Roberts v. Rogers

129 Neb. 298 | Neb. | 1935

Eberly, J.

This is an action brought by Thelma Roberts to recover damages for personal injuries sustained by her on or about November 17, 1932, when, as alleged in her petition, she was struck by a falling trapdoor in a house owned by defendant Rogers, and in which she was a tenant. She further alleged that, on the day referred to, she “had occasion to descend a stairway leading into the cellar of said house, and which is reached by means of a trapdoor located in the floor of said house just off the dining room; that before descending, plaintiff raised said trapdoor as far as was possible and commenced her descent into said basement; that * * * said trapdoor fell over upon her,” causing the injuries of which she complains. Plaintiff also charged that this accident was due to the following defects in the' leased premises: “A wabbly and unsteady stairway which shook when persons walked upon it, causing said trapdoor *300to fall from the vibration from said stairs; that said trapdoor was defective in that no hook for it was maintained to prevent it from falling;” and as to the alleged defects in said premises, of which the defendant was thus charged with actual knowledge, the language of the petition is that the defendant, “at the time of the accident, was aware and for some time had been aware of the defective condition of the trapdoor and the steps, and particularly the first two steps above the basement floor, which were broken completely out.”

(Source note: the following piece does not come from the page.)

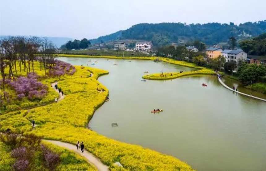 巴南云林天乡的油菜花开了哟看油菜花,云林天乡景区白鹭源休闲山庄赏油菜花来这儿~还有游船、烧烤、露营…安排!白鹭源休闲山庄有湖景房直接在房间里面可以赏花

On the other hand, the defendant’s answer, admitting the ownership and leasing of the premises involved, by general denial traverses all of plaintiff’s allegations of fact not specifically admitted; and, as an affirmative defense, pleads contributory negligence on the part of plaintiff.

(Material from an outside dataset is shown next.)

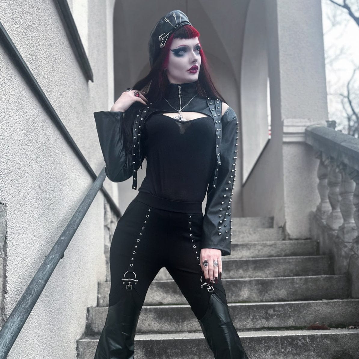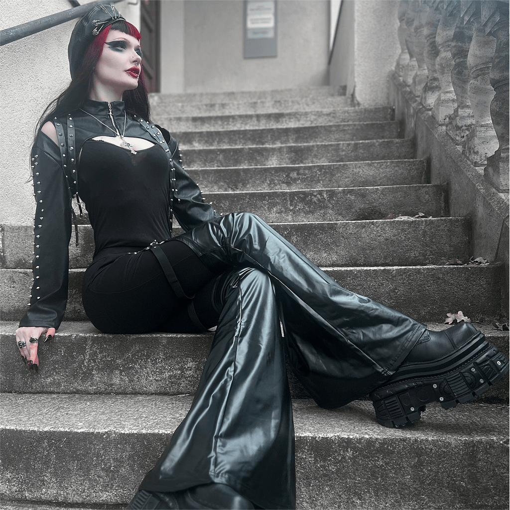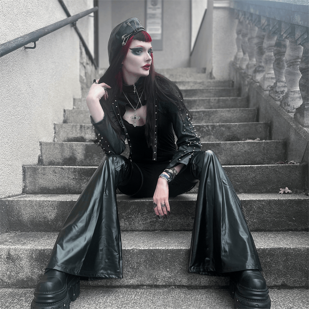 Women's Punk Strap Stud Zip Faux Leather Cape
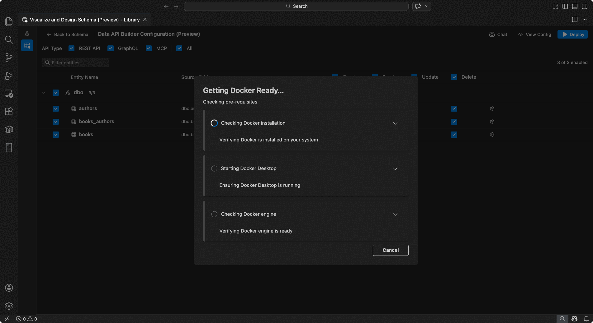 • Deploy Data API builder locally as a Docker container with automated prerequisite checks.

Upon the trial, at the conclusion of plaintiff’s evidence, the defendant moved for an instructed verdict in his behalf, on the following grounds, in substance: (1) That the evidence was insufficient; (2) that the defects in the premises, complained of, were as obvious and evident to plaintiff as to defendant, and were not “latent;” (3) contributory negligence on part of the plaintiff. This motion was sustained, and from the order of the trial court overruling her motion for a new trial, plaintiff appeals.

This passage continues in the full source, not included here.